Records from a dataset:

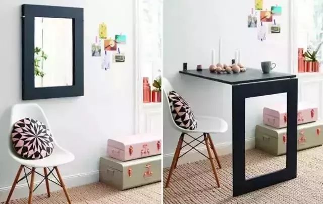 可折叠餐桌这种餐桌折叠前可能是一个普通桌子,一个矮柜,一块木板,甚至一块镜子,根据实际需求折叠后可以更换形状或变大变小,也非常适合小户型餐厅。
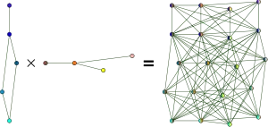 - Множество вершин графа H — это прямое произведение V(G1) × V(G2), где V(G1) и V(G2) являются множествами вершин G1 и G2 соответственно.
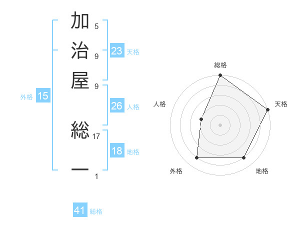 加治屋 総一さんを姓名の画数から五運を鑑定
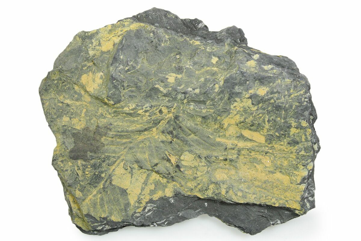 These plants were buried in a swamp where a low temperature, low pressure, and low oxygen environment caused the plant tissue to be slowly replaced by pyrite. This pyrite was later replaced by a whitish mineral (aluminum silicate) as the fossils were buried and exposed to the heat and pressure inside of the earth. The majority of the ferns on this plate are of the genus Alethopteris, though Pecopteris ferns can be seen from time to time.
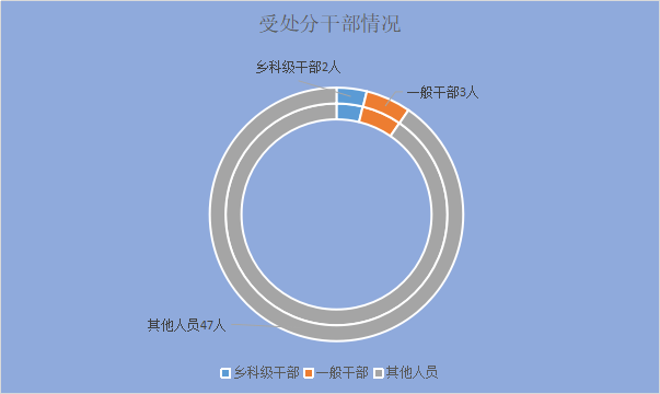 受处分人员中,其中乡科级干部2人,占3.8%,一般干部3人,占5.8%,其他人员47人,占90.4%。
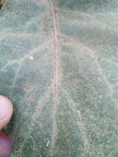 ظهرت نفس الاعراض على اللوبياء بشكل نمش ابيض وانتقلت الى الباذنجان والبندورة
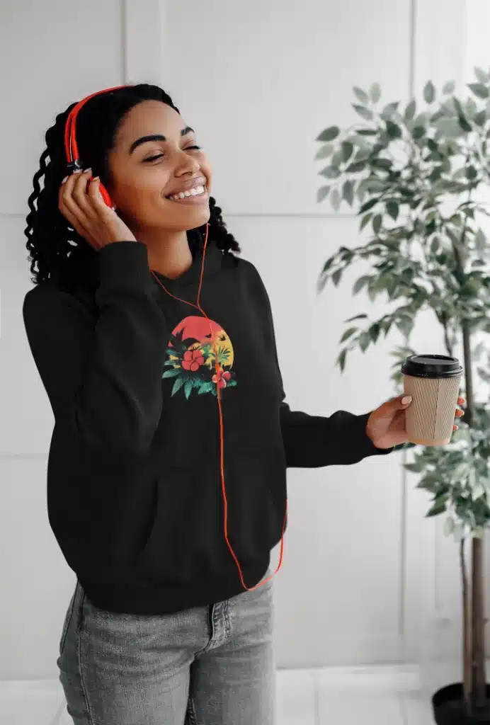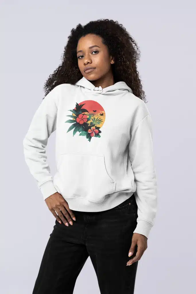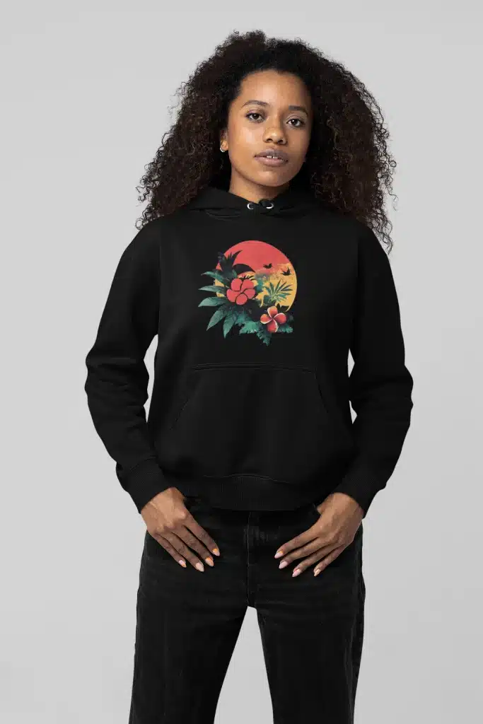 Le hoodie floral exotique noir met en avant un magnifique design représentant un coucher de soleil tropical accompagné de fleurs exotiques. Les couleurs éclatantes, comme le rouge, le vert et l’orange, créent une harmonie visuelle qui attire immédiatement l’attention. Ce motif est parfait pour ceux et celles qui souhaitent ajouter une touche d’évasion et de fraîcheur à leur tenue.
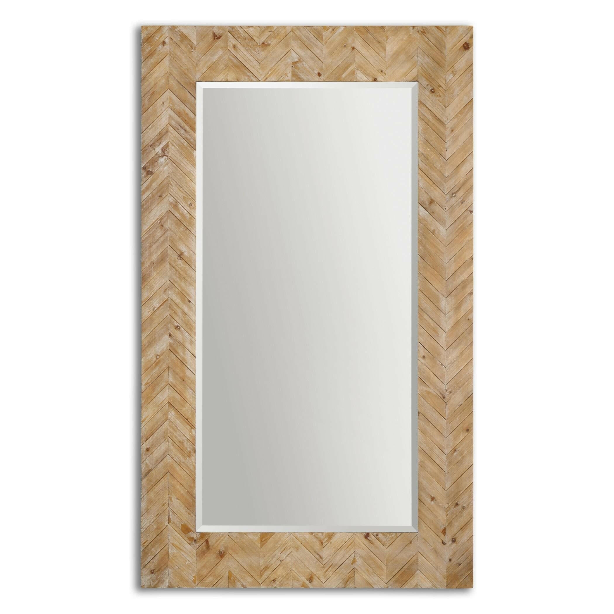 Introducing the Demetria Oversized Wooden Mirror, a truly unique and stately addition to any home. This mirror features a solid wood frame with a chevron pattern and a light gray glaze, adding a touch of elegance and sophistication to any room. With a generous 1 1/4' bevel, this mirror can be hung horizontally or vertically, making it a versatile and functional piece of decor.What sets this mirror apart is its construction - made from solid wood and layered in a chevron pattern, it is not only visually stunning but also durable and long-lasting. As part of the Uttermost brand, a family owned and managed US interior brand, this mirror is a testament to their commitment to quality and luxury. With an extensive range of furniture, lighting, and accessories, Uttermost is known for their fashion-forward and unique designs.At House of Isabella, we are proud to offer this luxurious mirror with free UK delivery. Measuring 111.1 cm in width, 5.4 cm in depth, and 188 cm in height, it is the perfect size to make a statement in any room. Trust in our talented designers and quality manufacturing to bring you the best in upscale home decor. Elevate your space with the Demetria Oversized Wooden Mirror.
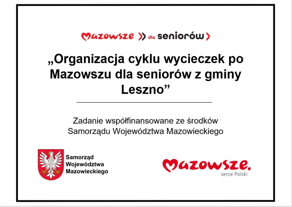 „Zadanie pn: „Organizacja cyklu wycieczek po Mazowszu dla seniorów z gminy Leszno” Współfinansowano ze środków Samorządu Województwa Mazowieckiego”
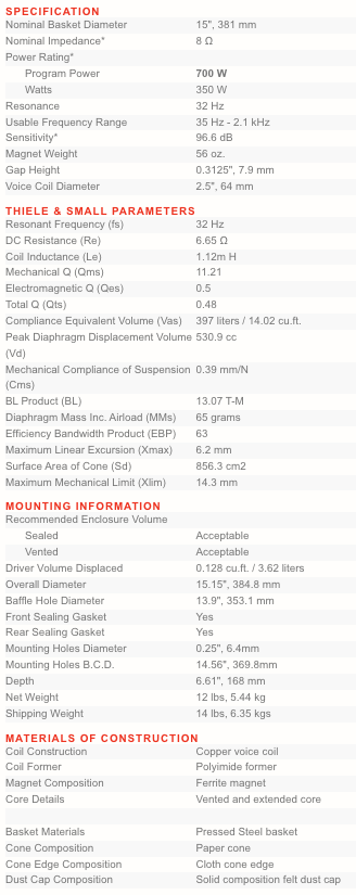 Eminence Legend BP1525 è un altoparlante da 15″ (381 mm) progettato per bassisti e professionisti dell’audio che cercano un suono caldo, ricco e profondo. Con impedenza di 8 Ω, potenza nominale di 350 W RMS (700 W di programma) e risposta dai 35 Hz fino a 2,1 kHz, è perfetto per cabinet bass-reflex o chiusi, sistemi PA e installazioni professionali.
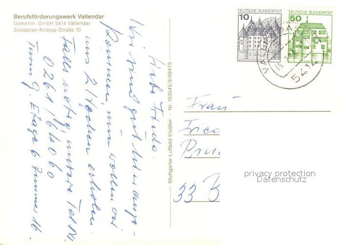 73175743 alte Postkarte Vallendar Fliegeraufnahme Berufsfoerderungswerk postalisch gelaufen Erhaltung siehe scans [NatalD47] KatCode: 11110007137226
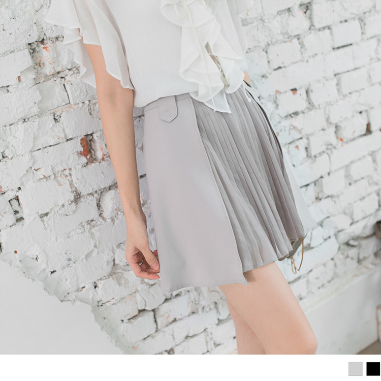 俐落的A字線條拼接百褶裙,時髦顯瘦 腰頭的造型褲耳展現獨特風格,隱藏式側拉鍊質感加分! ********************** 小提醒:有內裡,拉鍊可開 建議單獨洗滌,手洗或放洗衣袋洗最佳喔(勿 售價:449
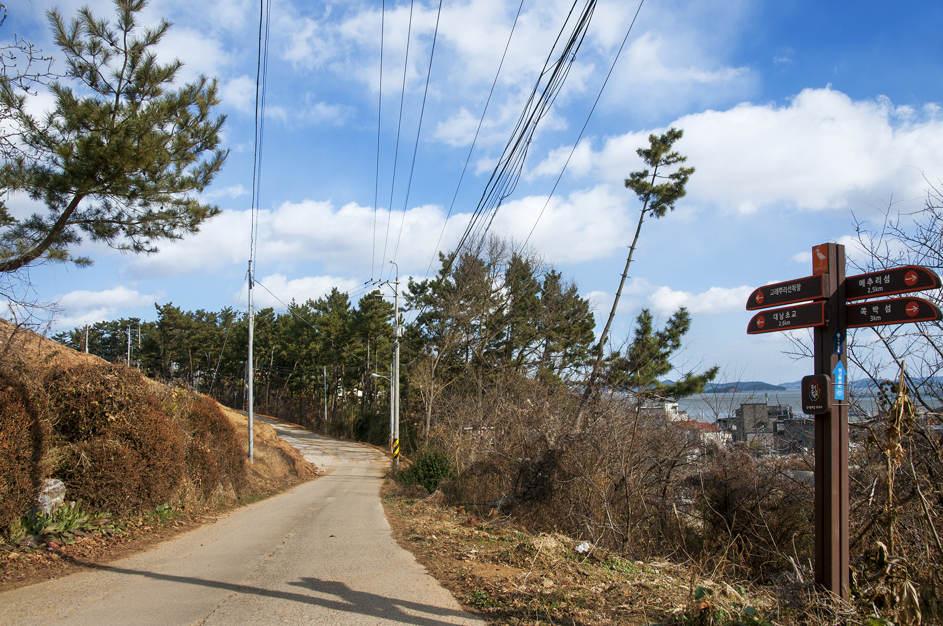 ㅏ자형 삼거리에서 우측방향 고랫부리길을 걸어 해안가까지 나가면 된다. 대남초교까지 이제 2.2km 남았다.
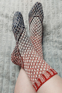 The technique is slipped sts in two colors and the colors are reversed on the heel and the sole and separated from the leg and the instep by a braid worked as a vikkel braid on the horizontal part and a slipped stitch or a little cable around.

Task objective »
An exact copy is required of the lines from the start of the records above through the line with "ظهرت نفس الاعراض", and only those, without any pictures.

Exercise response »
 可折叠餐桌这种餐桌折叠前可能是一个普通桌子,一个矮柜,一块木板,甚至一块镜子,根据实际需求折叠后可以更换形状或变大变小,也非常适合小户型餐厅。
 - Множество вершин графа H — это прямое произведение V(G1) × V(G2), где V(G1) и V(G2) являются множествами вершин G1 и G2 соответственно.
 加治屋 総一さんを姓名の画数から五運を鑑定
 These plants were buried in a swamp where a low temperature, low pressure, and low oxygen environment caused the plant tissue to be slowly replaced by pyrite. This pyrite was later replaced by a whitish mineral (aluminum silicate) as the fossils were buried and exposed to the heat and pressure inside of the earth. The majority of the ferns on this plate are of the genus Alethopteris, though Pecopteris ferns can be seen from time to time.
 受处分人员中,其中乡科级干部2人,占3.8%,一般干部3人,占5.8%,其他人员47人,占90.4%。
 ظهرت نفس الاعراض على اللوبياء بشكل نمش ابيض وانتقلت الى الباذنجان والبندورة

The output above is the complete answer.